Loose Anti Open Cast Network press release, 5 December 2012
The Loose Anti Opencast Network is broadly in favour of the intention of the Energy Bill to reduce the reliance on coal in the UK‘s energy mix, as this will reduce the need for new surface mine sites in the UK. However it leaves local communities across the UK living on or near to shallow coalfields uncertain about how soon these reforms will result in reducing the risk of opencast mining in their area.
Despite the proposed legislation reducing the demand for coal, developers are proposing to operate at least 23 new surface mines across Britain over the next few years. Some of these proposals are for large, new opencast mines that will have a life span of 12 to 15 years – well into an era when the demand for coal will have fallen by 90 to 95%. Cauldhall, a new proposal  announced by Scottish Coal near Rosewell in Midlothian in Scotland, is for a 10m tonne site covering 495 hectares, to be worked over a twelve and a half year period. Wales too has its monster-mine proposal for the Nant Llesg site near Rhymney in Gwent.
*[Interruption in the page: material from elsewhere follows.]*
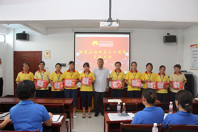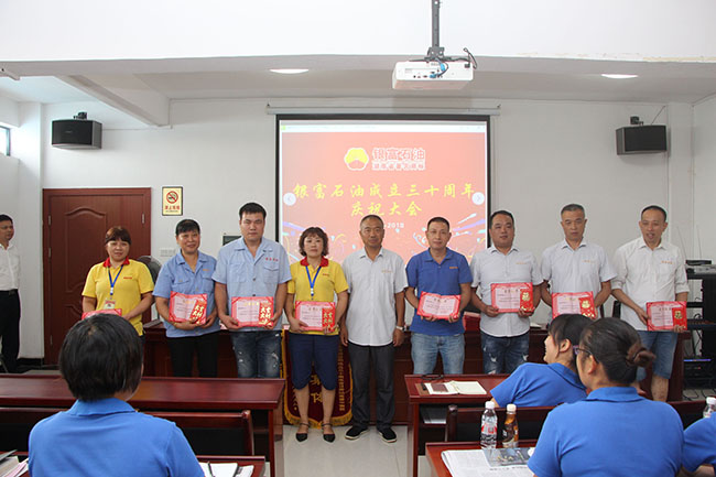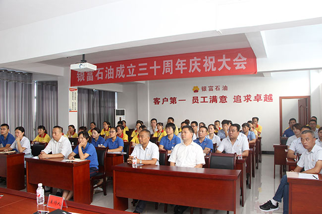 本網(wǎng)訊 8月11日上午,銀富石油成立三十周年慶祝大會(huì)在公司三樓會(huì)議室隆重舉行。來自各加油加氣站的60多名員工出席大會(huì)。
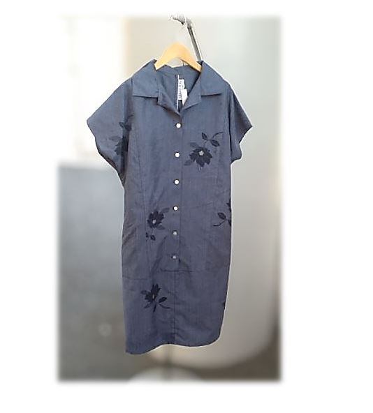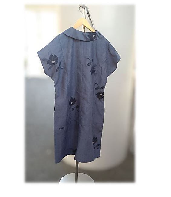 353 1点物 世界に1着 大島紬 Hラインワンピース 前開き 抜き衿 60年代 デニム風カラ― 椿柄 正絹

Here Miller Argent plans to remove up to 9m tonnes of coal from a 1,200 hectare site over a 15 year period.  These are the two largest opencast mine proposals at present, LAON know of 13 other proposals for England, 2 in Scotland and 5 in Wales.
A recent press release from Business Green suggests that the provisions in the new Energy Bill announced on the 29th November, which will restrict all new generating plants using fossil fuels to a maximum CO2 cap of 450gms per kilowatt hour (KWH) is the ‘death knell for king coal’.  In addition to this, existing coal plants will have to conform to lower emission standards under the new European Integrated Pollution Control Directive for nitrous oxide, sulphur dioxide and dust, which will mean having to make a decision, by the end of next year, to fit expensive new equipment, convert to biomass or be decommissioned by 2023. To nudge the owners of power stations to make the right decision, the Government is introducing its Carbon Tax next year and a new subsidy system which rewards decisions to fully convert existing power stations to biomass rather than encourage ‘new build’ biomass power stations.
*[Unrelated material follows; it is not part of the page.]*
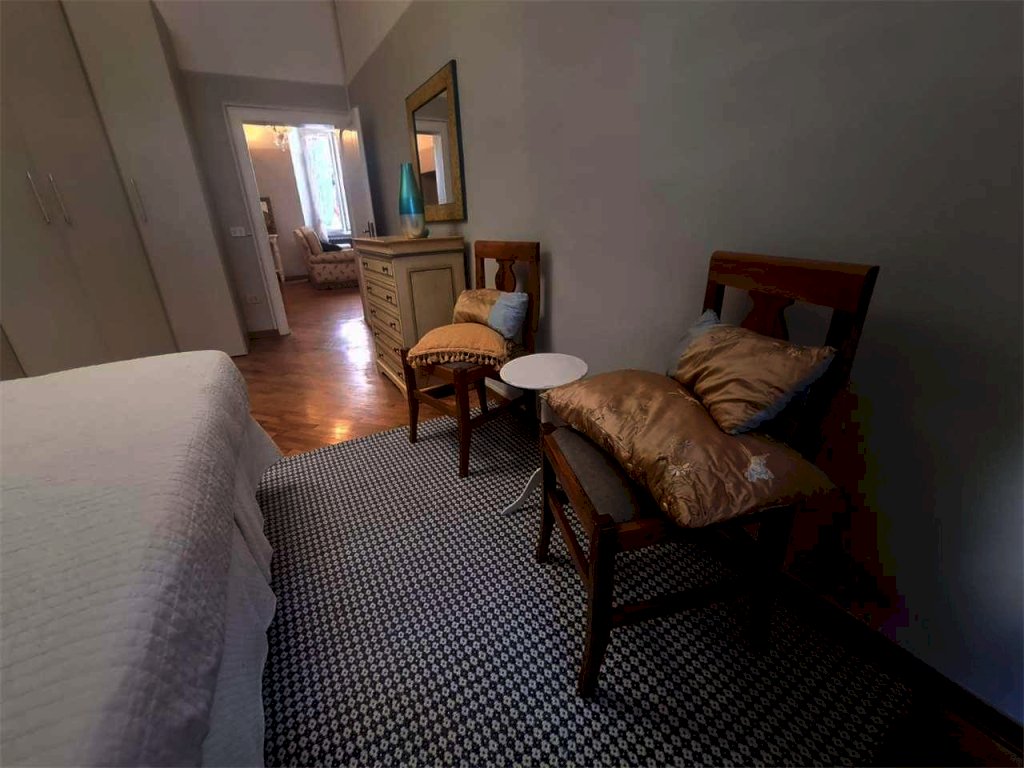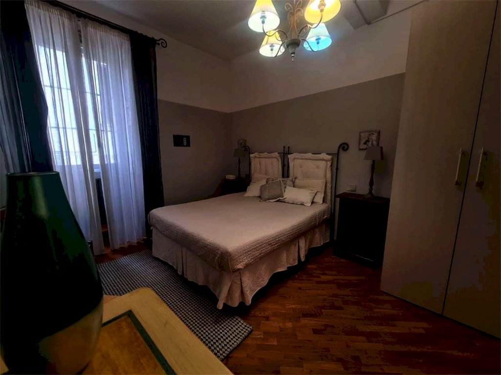 In palazzo signorile del centro storico, fuori dalla zona a traffico limitato, proponiamo in vendita un luminoso appartamento posto al piano primo.L'immobile è internamente composto da un ingresso con disimpegno, un salotto/soggiorno, una zona pranzo/living con camino, una cucina semi abitabie con camino, una camera matrimoniale con cabina armadio, e un bagno attualmente con vasca( da attualizzare). Lo stato generale dell'immobile è molto buono e nel prezzo richiesto è incluso l'arredamento.

A recent calculation undertaken by the Department of Energy and Climate Change indicates that these changes will reduce demand for coal to insignificant levels, from the present 40.51mt in 2011, to 28.41mt in 2016 (a fall of 30%), to 9.68mt in 2021 (a fall of 77%)  to 4.06mt in 2026 (a fall of 90%) and 1.96mt in 2030 (a fall of 95% on the 2011 figure).
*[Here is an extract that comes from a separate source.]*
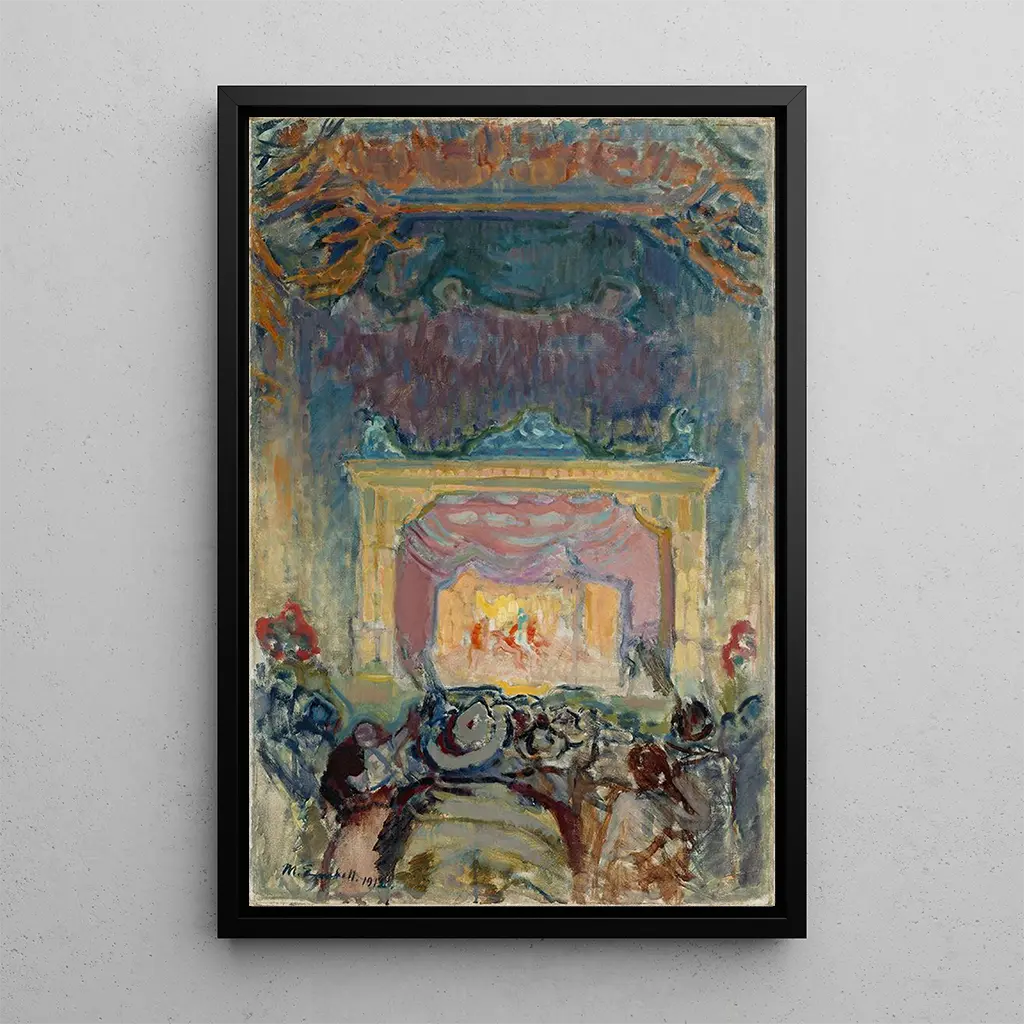 Dans cette œuvre vibrante, Magnus Enckell capture l'effervescence du Théâtre de Variétés à Paris, un lieu emblématique de la culture française. Les couleurs éclatantes et les formes dynamiques évoquent une atmosphère de joie et de divertissement. Les personnages, habillés de costumes flamboyants, semblent danser sous les lumières scintillantes, créant une scène vivante et immersive. La technique de l'artiste, mêlant impressionnisme et touches de modernisme, donne à cette toile une profondeur émotionnelle qui transporte le spectateur dans l'univers fascinant du théâtre parisien.
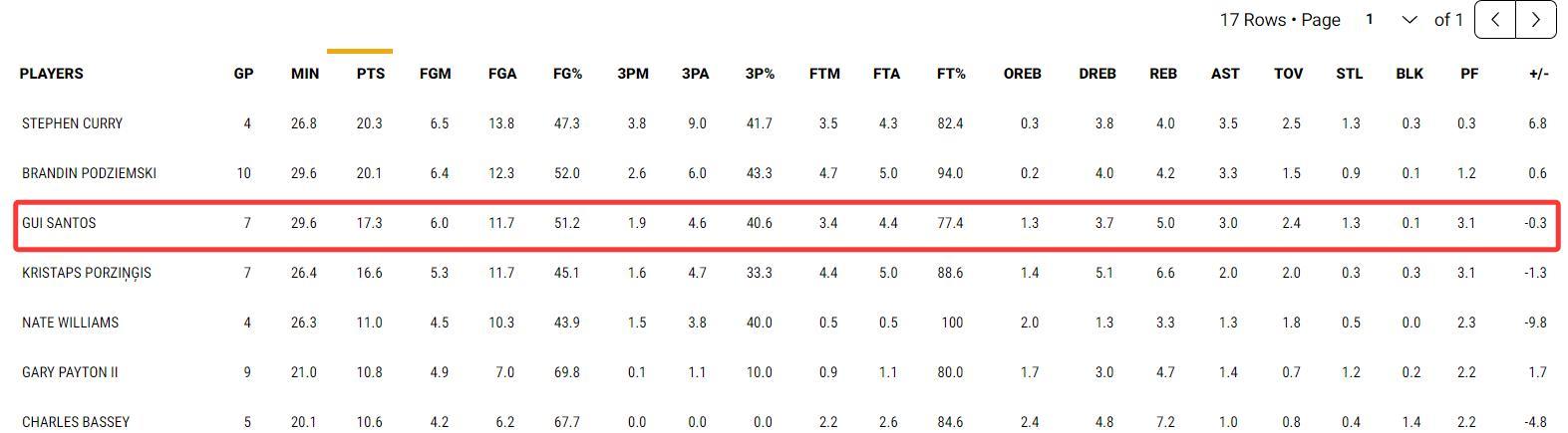 本賽季桑托斯爲勇士出戰了68場比賽其中30場先發,常規賽最後的7場比賽場均29.6分鐘,拿到17.3分5籃板3助攻1.3搶斷,命中率51.2%,三分命中率40.6%,他已經成爲勇士隊的第三巨頭。

If permission was granted in 2014 for the Nant Llesg site, by the time the last tonne of coal was dug out, national demand would just be about 1.38mt  tonnes in 2029 and for Caudhall a little higher at 4.06mt tonnes in 2026.
If the demand for coal falls to these levels, will it have been appropriate to have given permission, back in 2014, to have exploited these surface mine sites, especially if, all or part of the site, is a green field site?
LAON hope that the future Parliamentary Debates on this Bill will include discussions about the impact this Bill will have on the Coal Industry, especially the surface mine coal industry and the demand for coal.
In our view, there must come a time when it is no longer thought necessary to allow green field land, in any part of the UK, to be sacrificed on the altar of ‘the national need for coal’ if the country loses its capacity to burn coal.
Communities across Britain, who live on or near the UK’s shallow coalfields in England, Scotland and Wales, will benefit from finding out when coal will lose its priority status in the planning systems of England, Scotland and Wales. We hope that a policy statement confirming the rate at which the use of coal for power generation purposes declines, assuming that there is no viable Carbon Capture and Storage system, will be forthcoming as the Energy Bill makes its way through Parliament.
A referenced version of this press release is available from Infoatlaon@yahoo.com
About LAON
The Loose Anti-Opencast Network (LAON) has been in existence since 2009. It functions as a medium through which to oppose open cast mine applications. At present LAON links individuals and groups in N Ireland (Just Say No to Lignite), Scotland (Coal Action Scotland), Wales (Green Valleys Alliance, The Merthyr Tydfil Anti Opencast Campaign), England, (Coal Action Network), Northumberland, (Whittonstall Action Group, Halton Lea Gate (North Pennine Protection Group )) Co Durham (Pont Valley Network), Leeds, Sheffield (Cowley Residents Action Group), Kirklees, (Skelmansthorpe Action Group)  Nottinghamshire (Shortwood Farm Opencast Opposition), Derbyshire (West Hallum Environment Group, Smalley Action Group and Hilltop Action Group) , Leicestershire (Minorca Opencast Protest Group), Wakefield (Stop Opencast in Sharlston) and Walsall (Alumwell Action Group).